Don’t get me wrong I love my husband and think he is bright. He a very intelligent man, but has a bad habit of procrastination, this stresses me out, especially when it deals with financial problems. There are some things that procrastination does not bug me bad, but when it comes to family things or school work it just not what I want to do. Yep you guessed it his the procrastinator and I am the lets get it done with and deal with it, because then later we do not have to worry. I told him until he started his work I was not going to do mine because I am annoyed with having to give him things more than once. If I keep letting him do it to me I will have to keep compiling what he needs until he finally gets it. Well I do not have time to be wasting and what he needs to do they require as much information if not more than reminded him last night that he needed to let me know when he started and he yelled at me because he was already under pressure because he didn’t complete something he should have and now he under a deadline. I don’t think I was adding pressure because he told me he had started it, and was trying to get a idea of where he was at on it so I knew when to get my crap together. I am not going to redo it again in 3 months. I done it twice now and do not want to do it a third time because he has a habit of waiting too long. I do not have time for that I am trying to run a household here, and he could make it a little simpler. He thinks he the only one stressed, he not the one home all day caring for his dad, and get the brunt of crap when dad don’t get his way. Now dad has been doing a whole lot better on his new meds and isn’t as bad as he was a month ago. So caring for dad isn’t too bad but it does get hard.
The thing is if he needs help all he has to do is ask me and give me what needs to be completed and I might be intelligent enough to help him with it. I file my own taxes and this if i have everything wouldn’t be to hard to do.

Do pets ever learn

I would like to know how many times Otis needs to be just about squish to learn walking under my feet is not a good plan; or hiding in places where I might decide to close because it is in the way. Since I know the cat will hide behind my not so modern furniture if I move it I have to look behind it, it’s amazing how he can fit behind a space almost smaller then his body. I guess if his head fits it, he can fit his body into the space. Last night I just about tripped over him when I got up, he gotten into a habit of sitting right next to my chair almost in front of me. If I am not getting ready to walk on him, I am trying to lay my lap top on him. He meows at me for that, well what he expects if he laying right where I normally keep the computer when not in use.
Shadow isn’t too bad her thing is to try to get in your lap when you have the computer there. Then if you do sit with her she somehow manages to do something to make typing challenging or closes out documents that are open.

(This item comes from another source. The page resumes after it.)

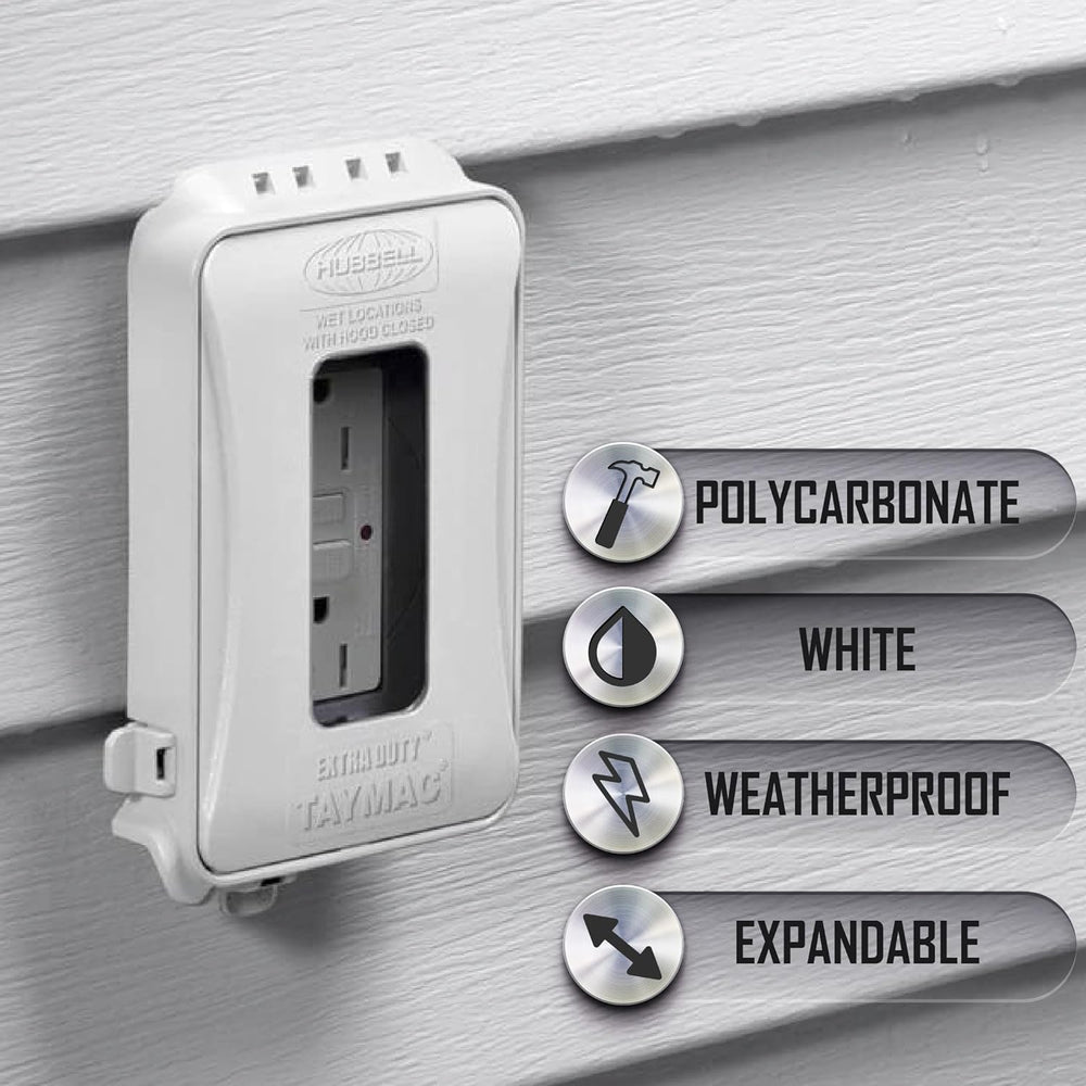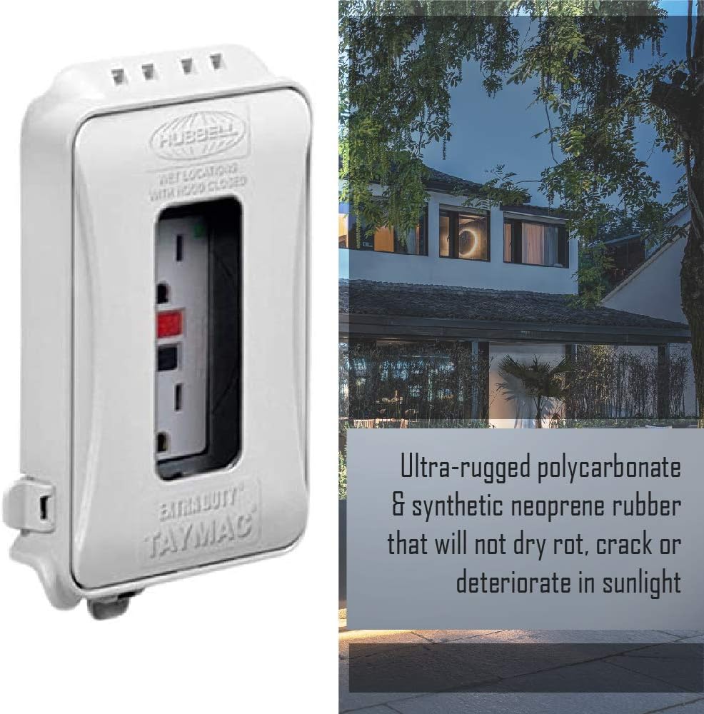 Tipo de interruptor Palanca Material Policarbonato TayMac Color Blanco Dimensiones del producto 3,61"an. x 5,73"al. pulgadas Sobre este artículo Clasificación extra resistente: obtén la máxima dureza y protección. Nuestra cubierta de salida eléctrica expandible de 1 banda resistente a la intemperie para mejoras del hogar está clasificada extra resistente y lista UL para lugares húmedos y húmedos. Fácil de instalar: configura tu cubierta de salida al aire libre en poco tiempo. Nuestro sistema de montaje de ojo de cerradura de ajuste rápido permite la instalación en menos de un minuto con un pin de cambio EZ para montaje horizontal o vertical. 16 configuraciones personalizadas: nuestra cubierta de salida resistente a la intemperie utiliza UFAST para configuraciones de dispositivos personalizados 16 en 1. Puedes montar y proteger dúp interruptor o GFCI. Construcción de calidad: nuestra cubierta de enchufe para salidas está construida con policarbonato de alto impacto para una máxima durabilidad y goma de neopreno sintético que no se pu agrieta o deteriora con la luz solar.

Time for another art store run

Dad is now out of his coloring stuff, so now I will need to make time for a trip to Michaels. I found that the paint by numbers did not go well for us during the summer it was to warm. The paint on the brushed dried to quickly and when I had the AC on it dried just as fast, because of the location of A/C. Yes in Minnesota, we have days in the morning you need the heater on and in the afternoon you need the AC. I hardly use it if my hubby had a choice he would use it anytime it got over 80. I don’t do it until it gets close to 90 or better or the humidity is very high. Dad enjoys coloring those fluffy pictures, and does pretty good. I wish dad would realize that there is no such thing as a mistake on coloring those, because his look pretty. Coloring seems to help dad feel well and I need to get something for him soon to do.
He wants me to attempt drawing freestyle but that simply not my cup of tea. I can do many artistic things but drawing is not one of them. I could decorate a foreclosures and do okay at it. I could decorate the apartment and do well at it but we never started hanging things up until recently.